In the statistics for end users and sellers prior to the pandemic, shown in Figure 3a,b, H3 is regarded as the sign, with the outputs shown as ≤0.05. As a result, it can be argued that user feedback ratings have a significant impact on the (relative) performance of e-commerce platforms. After the pandemic, however, the data from end users and sellers suggest that H3 is ignored as an indicator, with an outcome of ≥0.05. As a result, it may be stated that user experience has no major impact on the (relative) effectiveness of e-commerce platforms.

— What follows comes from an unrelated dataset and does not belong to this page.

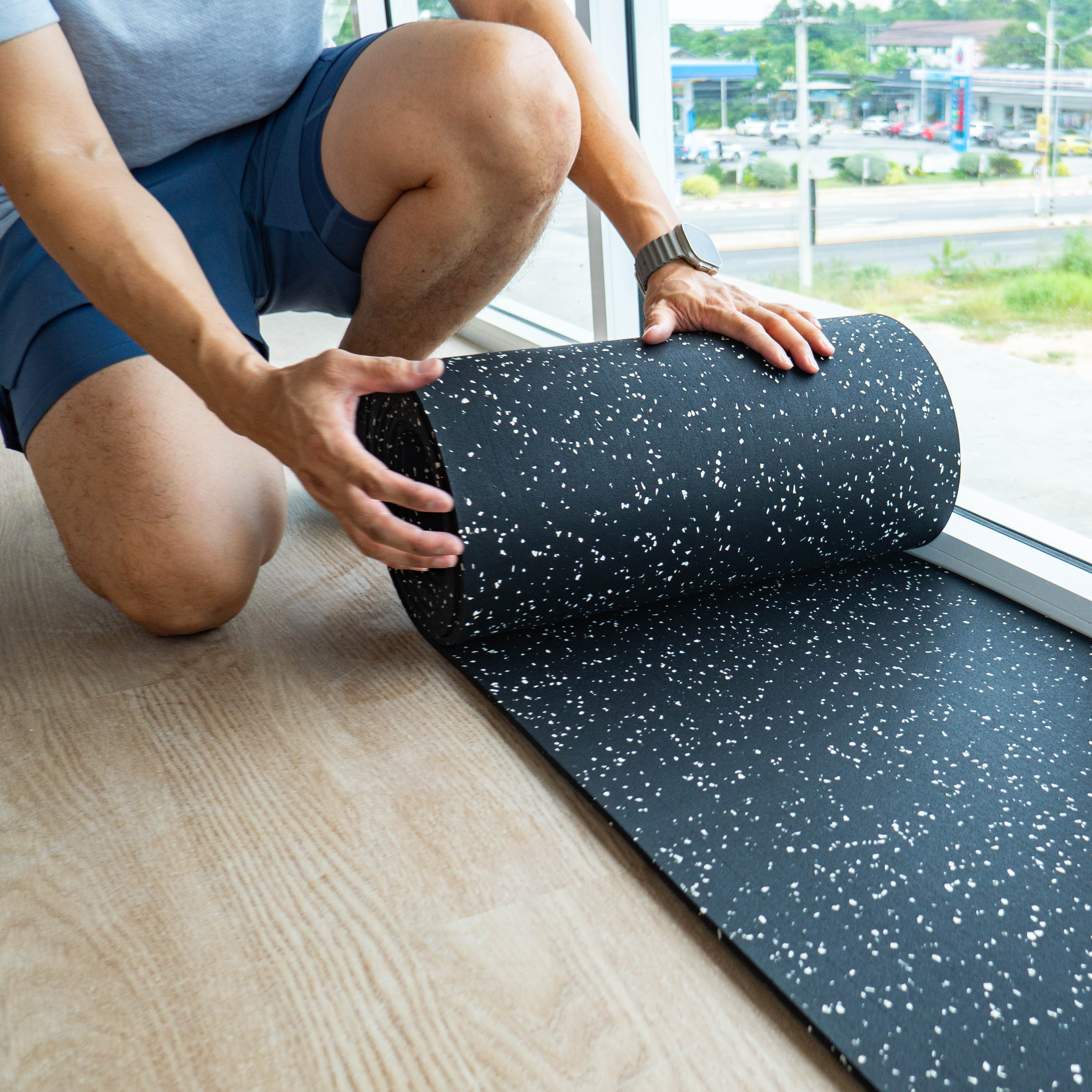 แผ่นยางปูพื้นฟิตเนส แผ่นยางกันลื่นแบบม้วน ม้วนยางปูพื้นฟิตเนส ยางปูพื้นกันกระแทก เหมาะสำหรับปูพื้นในฟิตเนส บ้าน หรือพื้นที่ออกกำลังกาย ช่วยลดแรงกระแทก ป้องกันพื้นเสียหาย ทำความสะอาดง่าย และมีความทนทานแม้จะวางเครื่องออกกำลังกายเป็นเวลานาน แผ่นยางก็ไม่แตก ทนทาน ใช้งานได้ยาวนาน ด้วยความหนา 6 มิลลิเมตร ช่วยซับเสียงได้ดี ไม่รบกวนผู้อื่น รองรับการตกกระแทกจากดัมเบล เครื่องออกกำลังกาย ป้องกันพื้นเสียหาย

Regarding the consumer decision-making process, the first stage, issue identification, might be triggered by an internal stimulation, such as a new need or want. Following the COVID-19 pandemic, some users’ behaviors, as well as their demands and desires, changed. Buyers are more anxious regarding their health and the outbreak’s financial effects (Accenture, 2020a). User feedback ratings may have an impact on e-commerce platform (relative) effectiveness prior to the epidemic, but not afterwards. It is possible that their needs and wants are fluctuating, therefore they purchase the items that they require the most. Many sellers respond to this, which might explain why buyer review scores are not affected.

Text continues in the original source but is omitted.